▸ Description of the task
Leaving out the images, reproduce every line of the data that follows exactly.

▸ Collected data
----------------------------------------

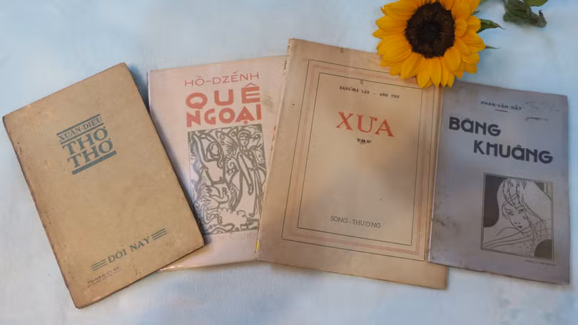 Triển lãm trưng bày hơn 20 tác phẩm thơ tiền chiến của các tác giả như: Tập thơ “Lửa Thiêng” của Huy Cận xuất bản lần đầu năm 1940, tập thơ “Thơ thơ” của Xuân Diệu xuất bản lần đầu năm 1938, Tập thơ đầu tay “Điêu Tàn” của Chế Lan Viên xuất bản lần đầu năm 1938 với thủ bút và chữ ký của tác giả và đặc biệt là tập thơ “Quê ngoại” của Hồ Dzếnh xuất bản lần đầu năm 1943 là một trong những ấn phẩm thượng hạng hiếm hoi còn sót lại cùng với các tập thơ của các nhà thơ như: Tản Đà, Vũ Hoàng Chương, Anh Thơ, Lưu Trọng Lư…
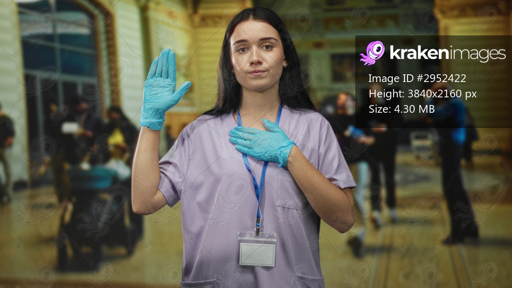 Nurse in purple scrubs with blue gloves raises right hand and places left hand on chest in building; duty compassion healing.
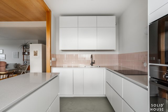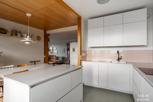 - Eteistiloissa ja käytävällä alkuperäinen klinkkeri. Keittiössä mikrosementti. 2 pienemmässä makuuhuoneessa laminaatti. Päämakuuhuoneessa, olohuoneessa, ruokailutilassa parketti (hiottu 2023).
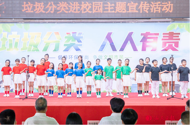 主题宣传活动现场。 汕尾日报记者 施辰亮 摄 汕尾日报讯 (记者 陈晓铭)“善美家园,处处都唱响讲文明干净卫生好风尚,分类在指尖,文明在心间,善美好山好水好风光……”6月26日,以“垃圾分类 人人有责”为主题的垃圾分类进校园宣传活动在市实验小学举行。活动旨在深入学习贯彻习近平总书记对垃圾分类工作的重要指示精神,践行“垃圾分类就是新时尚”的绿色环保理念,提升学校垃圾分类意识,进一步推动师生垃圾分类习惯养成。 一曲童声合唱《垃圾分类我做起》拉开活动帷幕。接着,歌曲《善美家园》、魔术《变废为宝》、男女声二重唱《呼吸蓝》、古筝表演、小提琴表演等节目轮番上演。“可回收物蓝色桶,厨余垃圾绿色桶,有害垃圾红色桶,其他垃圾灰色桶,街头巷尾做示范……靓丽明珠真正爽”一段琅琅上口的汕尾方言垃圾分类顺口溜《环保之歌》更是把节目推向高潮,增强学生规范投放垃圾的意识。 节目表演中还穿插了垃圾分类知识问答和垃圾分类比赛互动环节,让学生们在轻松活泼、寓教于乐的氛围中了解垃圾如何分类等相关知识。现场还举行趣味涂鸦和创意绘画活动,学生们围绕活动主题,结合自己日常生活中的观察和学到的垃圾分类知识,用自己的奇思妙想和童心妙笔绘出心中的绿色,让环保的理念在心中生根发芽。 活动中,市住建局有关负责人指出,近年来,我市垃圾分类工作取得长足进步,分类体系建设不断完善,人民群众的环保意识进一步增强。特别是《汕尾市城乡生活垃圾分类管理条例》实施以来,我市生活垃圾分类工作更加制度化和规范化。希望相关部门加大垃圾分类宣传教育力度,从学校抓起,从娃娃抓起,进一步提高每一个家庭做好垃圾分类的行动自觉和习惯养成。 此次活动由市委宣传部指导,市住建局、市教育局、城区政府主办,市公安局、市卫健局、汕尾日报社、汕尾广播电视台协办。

----------------------------------------

▸ Written reply
 Triển lãm trưng bày hơn 20 tác phẩm thơ tiền chiến của các tác giả như: Tập thơ “Lửa Thiêng” của Huy Cận xuất bản lần đầu năm 1940, tập thơ “Thơ thơ” của Xuân Diệu xuất bản lần đầu năm 1938, Tập thơ đầu tay “Điêu Tàn” của Chế Lan Viên xuất bản lần đầu năm 1938 với thủ bút và chữ ký của tác giả và đặc biệt là tập thơ “Quê ngoại” của Hồ Dzếnh xuất bản lần đầu năm 1943 là một trong những ấn phẩm thượng hạng hiếm hoi còn sót lại cùng với các tập thơ của các nhà thơ như: Tản Đà, Vũ Hoàng Chương, Anh Thơ, Lưu Trọng Lư…
 Nurse in purple scrubs with blue gloves raises right hand and places left hand on chest in building; duty compassion healing.
 - Eteistiloissa ja käytävällä alkuperäinen klinkkeri. Keittiössä mikrosementti. 2 pienemmässä makuuhuoneessa laminaatti. Päämakuuhuoneessa, olohuoneessa, ruokailutilassa parketti (hiottu 2023).
 主题宣传活动现场。 汕尾日报记者 施辰亮 摄 汕尾日报讯 (记者 陈晓铭)“善美家园,处处都唱响讲文明干净卫生好风尚,分类在指尖,文明在心间,善美好山好水好风光……”6月26日,以“垃圾分类 人人有责”为主题的垃圾分类进校园宣传活动在市实验小学举行。活动旨在深入学习贯彻习近平总书记对垃圾分类工作的重要指示精神,践行“垃圾分类就是新时尚”的绿色环保理念,提升学校垃圾分类意识,进一步推动师生垃圾分类习惯养成。 一曲童声合唱《垃圾分类我做起》拉开活动帷幕。接着,歌曲《善美家园》、魔术《变废为宝》、男女声二重唱《呼吸蓝》、古筝表演、小提琴表演等节目轮番上演。“可回收物蓝色桶,厨余垃圾绿色桶,有害垃圾红色桶,其他垃圾灰色桶,街头巷尾做示范……靓丽明珠真正爽”一段琅琅上口的汕尾方言垃圾分类顺口溜《环保之歌》更是把节目推向高潮,增强学生规范投放垃圾的意识。 节目表演中还穿插了垃圾分类知识问答和垃圾分类比赛互动环节,让学生们在轻松活泼、寓教于乐的氛围中了解垃圾如何分类等相关知识。现场还举行趣味涂鸦和创意绘画活动,学生们围绕活动主题,结合自己日常生活中的观察和学到的垃圾分类知识,用自己的奇思妙想和童心妙笔绘出心中的绿色,让环保的理念在心中生根发芽。 活动中,市住建局有关负责人指出,近年来,我市垃圾分类工作取得长足进步,分类体系建设不断完善,人民群众的环保意识进一步增强。特别是《汕尾市城乡生活垃圾分类管理条例》实施以来,我市生活垃圾分类工作更加制度化和规范化。希望相关部门加大垃圾分类宣传教育力度,从学校抓起,从娃娃抓起,进一步提高每一个家庭做好垃圾分类的行动自觉和习惯养成。 此次活动由市委宣传部指导,市住建局、市教育局、城区政府主办,市公安局、市卫健局、汕尾日报社、汕尾广播电视台协办。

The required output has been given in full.